## EXERCISE MATERIALS
┄┄┄┄┄┄┄┄┄┄

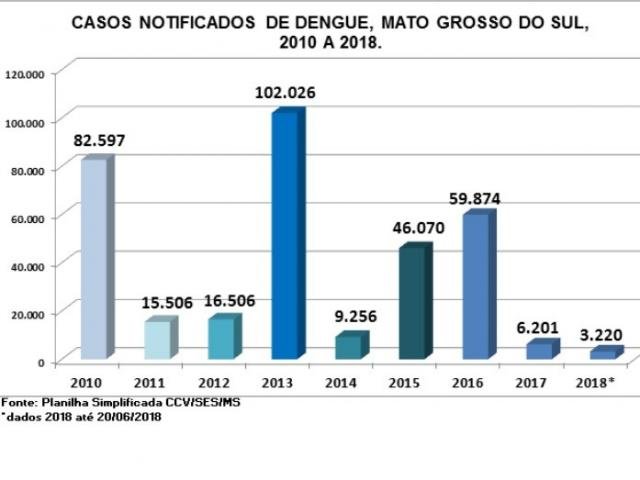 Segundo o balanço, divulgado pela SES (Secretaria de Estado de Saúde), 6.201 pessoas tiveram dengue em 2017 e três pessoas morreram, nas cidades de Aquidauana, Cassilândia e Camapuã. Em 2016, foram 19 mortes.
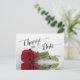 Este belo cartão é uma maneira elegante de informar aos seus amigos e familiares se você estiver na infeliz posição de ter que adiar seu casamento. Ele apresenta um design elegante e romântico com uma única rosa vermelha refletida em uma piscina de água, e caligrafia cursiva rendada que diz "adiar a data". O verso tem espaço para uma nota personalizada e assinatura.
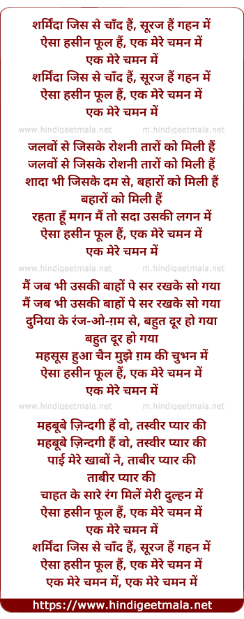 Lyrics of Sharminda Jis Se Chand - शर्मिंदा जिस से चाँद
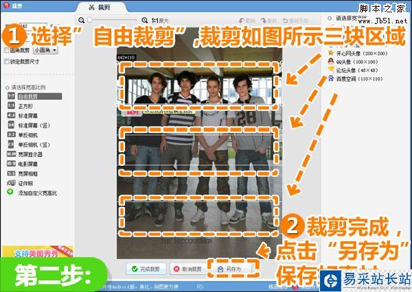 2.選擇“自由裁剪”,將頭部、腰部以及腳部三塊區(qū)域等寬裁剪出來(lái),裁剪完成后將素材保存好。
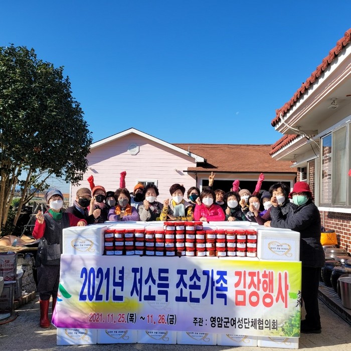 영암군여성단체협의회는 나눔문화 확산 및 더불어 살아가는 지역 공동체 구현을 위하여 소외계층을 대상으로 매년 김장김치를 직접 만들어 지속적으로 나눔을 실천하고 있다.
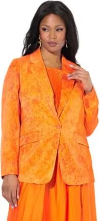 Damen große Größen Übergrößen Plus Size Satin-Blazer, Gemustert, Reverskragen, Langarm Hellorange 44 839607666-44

┄┄┄┄┄┄┄┄┄┄

## REQUIRED ACTION
Would you write out an exact copy of the entries above, with no images?

## EXPECTED ANSWER
 Segundo o balanço, divulgado pela SES (Secretaria de Estado de Saúde), 6.201 pessoas tiveram dengue em 2017 e três pessoas morreram, nas cidades de Aquidauana, Cassilândia e Camapuã. Em 2016, foram 19 mortes.
 Este belo cartão é uma maneira elegante de informar aos seus amigos e familiares se você estiver na infeliz posição de ter que adiar seu casamento. Ele apresenta um design elegante e romântico com uma única rosa vermelha refletida em uma piscina de água, e caligrafia cursiva rendada que diz "adiar a data". O verso tem espaço para uma nota personalizada e assinatura.
 Lyrics of Sharminda Jis Se Chand - शर्मिंदा जिस से चाँद
 2.選擇“自由裁剪”,將頭部、腰部以及腳部三塊區(qū)域等寬裁剪出來(lái),裁剪完成后將素材保存好。
 영암군여성단체협의회는 나눔문화 확산 및 더불어 살아가는 지역 공동체 구현을 위하여 소외계층을 대상으로 매년 김장김치를 직접 만들어 지속적으로 나눔을 실천하고 있다.
 Damen große Größen Übergrößen Plus Size Satin-Blazer, Gemustert, Reverskragen, Langarm Hellorange 44 839607666-44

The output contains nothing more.